* **Work required**
Each record below must be reproduced exactly as it reads, with its images omitted.

(Records from a data source)
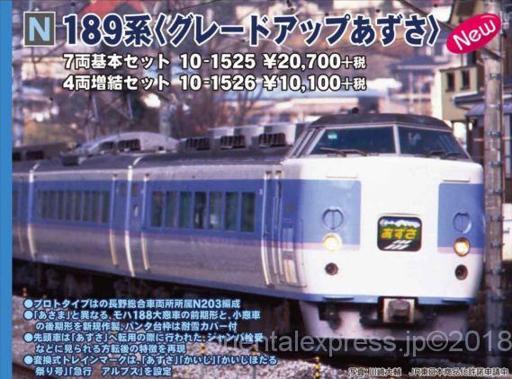 –品番 品名 価格(税別) [新] 10-1525 189系<グレードアップあずさ>7両基本セット 20700円 [新] 10-1526 189系<グレードアップあずさ>4両増結セット 10100円 インフォメーション
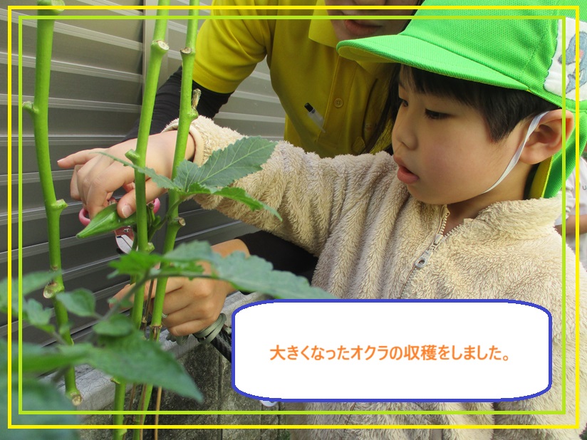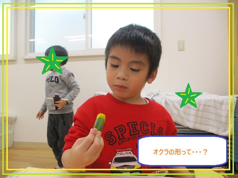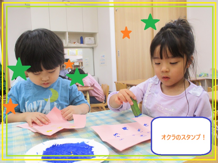 オクラの形をよく観察しながら…スタンプを楽しみました。
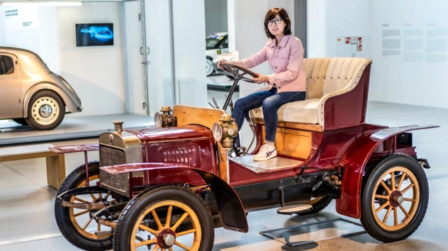 Yuhan Zhang seated in the original Laurin & Klement Voiturette, the historic model that inspired her modern reinterpretation, the electric ‘eVoiturette’ concept showcased at the Škoda Museum.
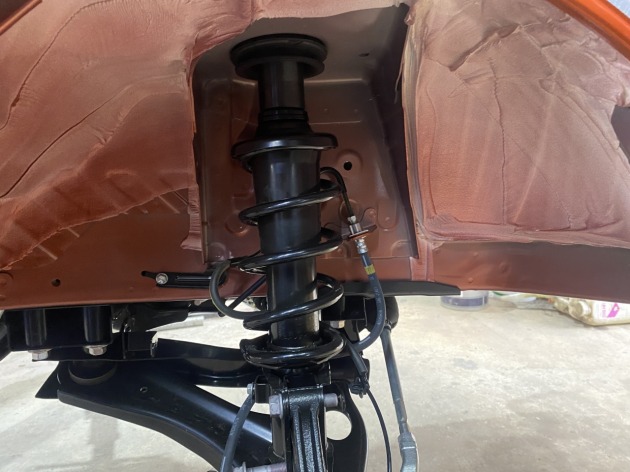 フロントは純正ショックのアッパーマウント部を延長するお手軽仕様でした。
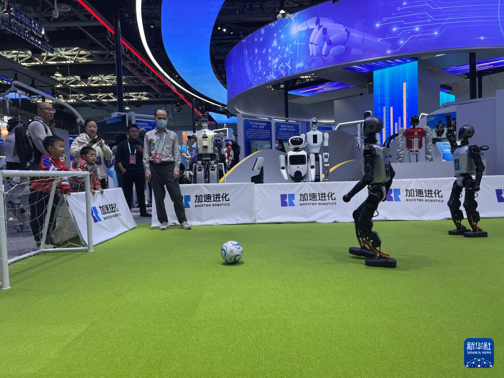 北京加速进化科技有限公司运营负责人宋安琪说:“这款踢足球的机器人拥有较强的运动能力,如果两个机器人发生碰撞,也能保持稳定,即使摔倒了也能实现一秒钟快速起身,这是基于强大的运动控制算法能力。目前已累计交付100多台机器人,主要应用于市场二次开发,下一阶段我们将开拓机器人搬运、巡检、配送等应用场景。”
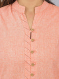 Womens Orange Woven Design Handloom Cotton Frontslit Short Kurti
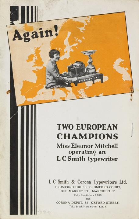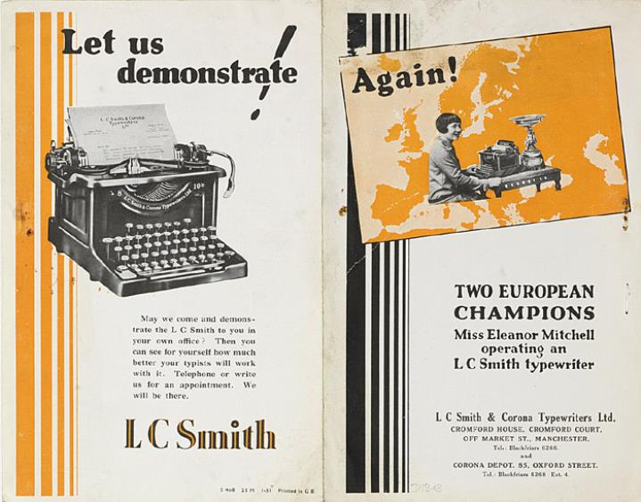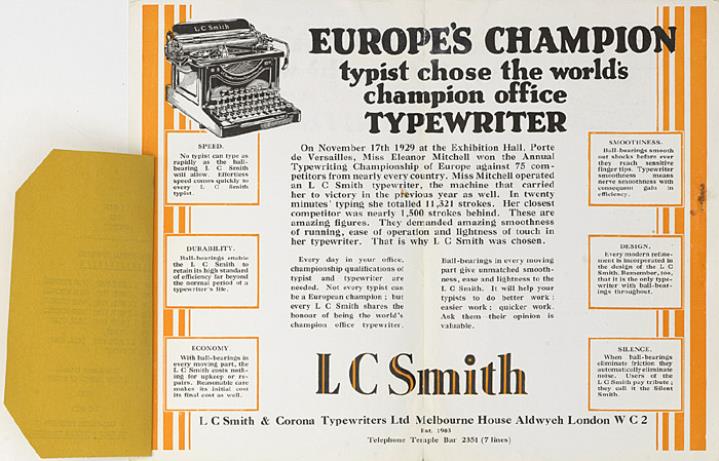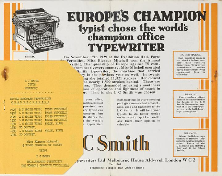 Faltprospekt für Schreibmaschine L. C. Smith 8/10 mit Ergebnissen der Europäischen Meisterschaft im Maschinenschreiben Two European Champions. Miss Eleanor Mitchell operating an L C Smith typewriter Nr. S408 25 M I-31
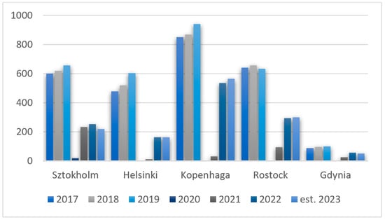 Cruise ship passengers in selected Baltic Ports in 2017–2022 with estimation for 2023 (in thousands of passengers). Source: Own study based on Cruise Baltic and Cruise Europe websites [,].
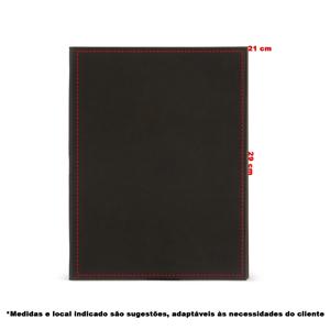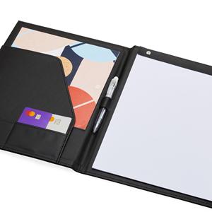 Descrição: Pasta convenção de couro sintético, possui Porta-Caneta, compartimento para arquivar documentos, dois bolsos para cartões e um bloco com aproximadamente 25 folhas brancas não pautadas.
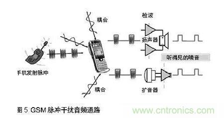 當手機與基站通訊,或兩個手機彼此接近時,發(fā)射脈沖通過擴音器,揚聲器,或頭戴式耳機線傳入音頻通路。見圖5,結(jié)果是音頻質(zhì)量大幅降低。
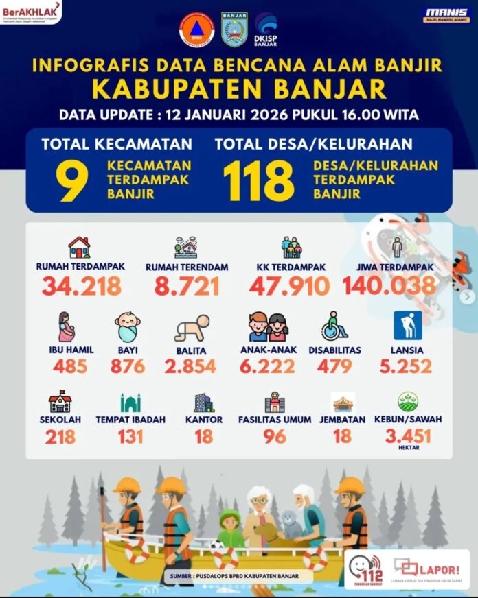 Berdasarkan data Pusat Pengendalian Operasi (Pusdalops) BPBD Kabupaten Banjar per 12 Januari 2026 pukul 16.00 WITA, banjir telah merendam 9 kecamatan yang mencakup 118 desa dan kelurahan.

* **Your response**
 –品番 品名 価格(税別) [新] 10-1525 189系<グレードアップあずさ>7両基本セット 20700円 [新] 10-1526 189系<グレードアップあずさ>4両増結セット 10100円 インフォメーション
 オクラの形をよく観察しながら…スタンプを楽しみました。
 Yuhan Zhang seated in the original Laurin & Klement Voiturette, the historic model that inspired her modern reinterpretation, the electric ‘eVoiturette’ concept showcased at the Škoda Museum.
 フロントは純正ショックのアッパーマウント部を延長するお手軽仕様でした。
 北京加速进化科技有限公司运营负责人宋安琪说:“这款踢足球的机器人拥有较强的运动能力,如果两个机器人发生碰撞,也能保持稳定,即使摔倒了也能实现一秒钟快速起身,这是基于强大的运动控制算法能力。目前已累计交付100多台机器人,主要应用于市场二次开发,下一阶段我们将开拓机器人搬运、巡检、配送等应用场景。”
 Womens Orange Woven Design Handloom Cotton Frontslit Short Kurti
 Faltprospekt für Schreibmaschine L. C. Smith 8/10 mit Ergebnissen der Europäischen Meisterschaft im Maschinenschreiben Two European Champions. Miss Eleanor Mitchell operating an L C Smith typewriter Nr. S408 25 M I-31
 Cruise ship passengers in selected Baltic Ports in 2017–2022 with estimation for 2023 (in thousands of passengers). Source: Own study based on Cruise Baltic and Cruise Europe websites [,].
 Descrição: Pasta convenção de couro sintético, possui Porta-Caneta, compartimento para arquivar documentos, dois bolsos para cartões e um bloco com aproximadamente 25 folhas brancas não pautadas.
 當手機與基站通訊,或兩個手機彼此接近時,發(fā)射脈沖通過擴音器,揚聲器,或頭戴式耳機線傳入音頻通路。見圖5,結(jié)果是音頻質(zhì)量大幅降低。
 Berdasarkan data Pusat Pengendalian Operasi (Pusdalops) BPBD Kabupaten Banjar per 12 Januari 2026 pukul 16.00 WITA, banjir telah merendam 9 kecamatan yang mencakup 118 desa dan kelurahan.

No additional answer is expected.